We propose a method with two key properties. First, it learns a reward model, i.e., surrogate model of the performance approximated by neural networks, to reduce the required number of simulation.
Second, it uses a policy generator to explore the diverse solution space satisfying constraints. The results show that, compared to the model-free method applied with 20,000 circuit simulations to train the policy, DynaOpt achieves even much better performance by learning from scratch with only 500 simulations.
- Score: 12.232323973906773
- License: http://arxiv.org/licenses/nonexclusive-distrib/1.0/
- Abstract: In this work, we present a learning based approach to analog circuit design,
where the goal is to optimize circuit performance subject to certain design
constraints. One of the aspects that makes this problem challenging to
optimize, is that measuring the performance of candidate configurations with
simulation can be computationally expensive, particularly in the post-layout
design. Additionally, the large number of design constraints and the
interaction between the relevant quantities makes the problem complex.

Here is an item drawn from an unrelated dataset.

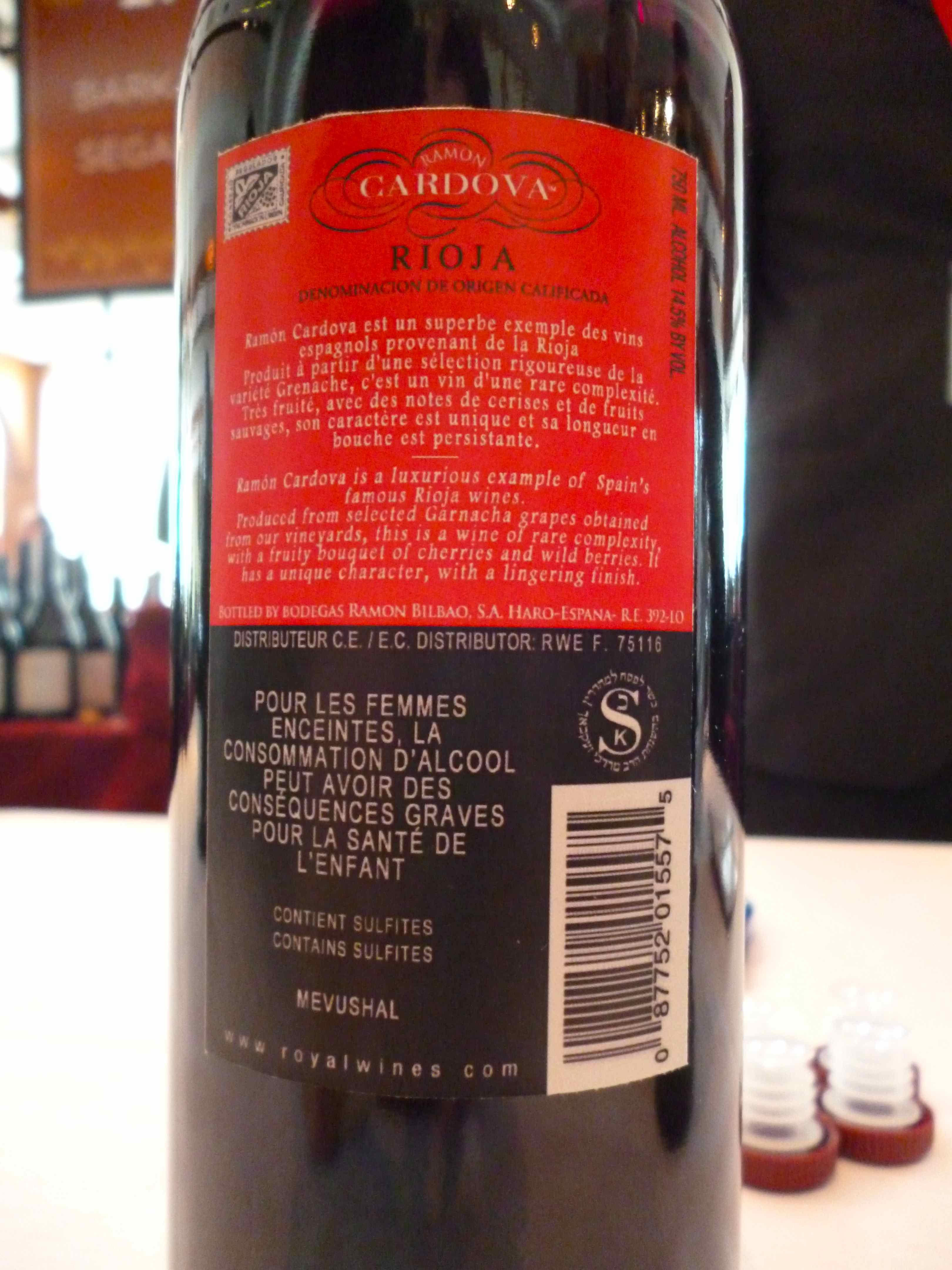 2011 Ramon Cardova, Granacha, Rioja – back label_

Therefore, to better facilitate supporting the human designers, it is desirable
to gain knowledge about the whole space of feasible solutions. In order to
tackle these challenges, we take inspiration from model-based reinforcement
learning and propose a method with two key properties. First, it learns a
reward model, i.e., surrogate model of the performance approximated by neural
networks, to reduce the required number of simulation. Second, it uses a
stochastic policy generator to explore the diverse solution space satisfying
constraints. Together we combine these in a Dyna-style optimization framework,
which we call DynaOpt, and empirically evaluate the performance on a circuit
benchmark of a two-stage operational amplifier. The results show that, compared
to the model-free method applied with 20,000 circuit simulations to train the
policy, DynaOpt achieves even much better performance by learning from scratch
with only 500 simulations.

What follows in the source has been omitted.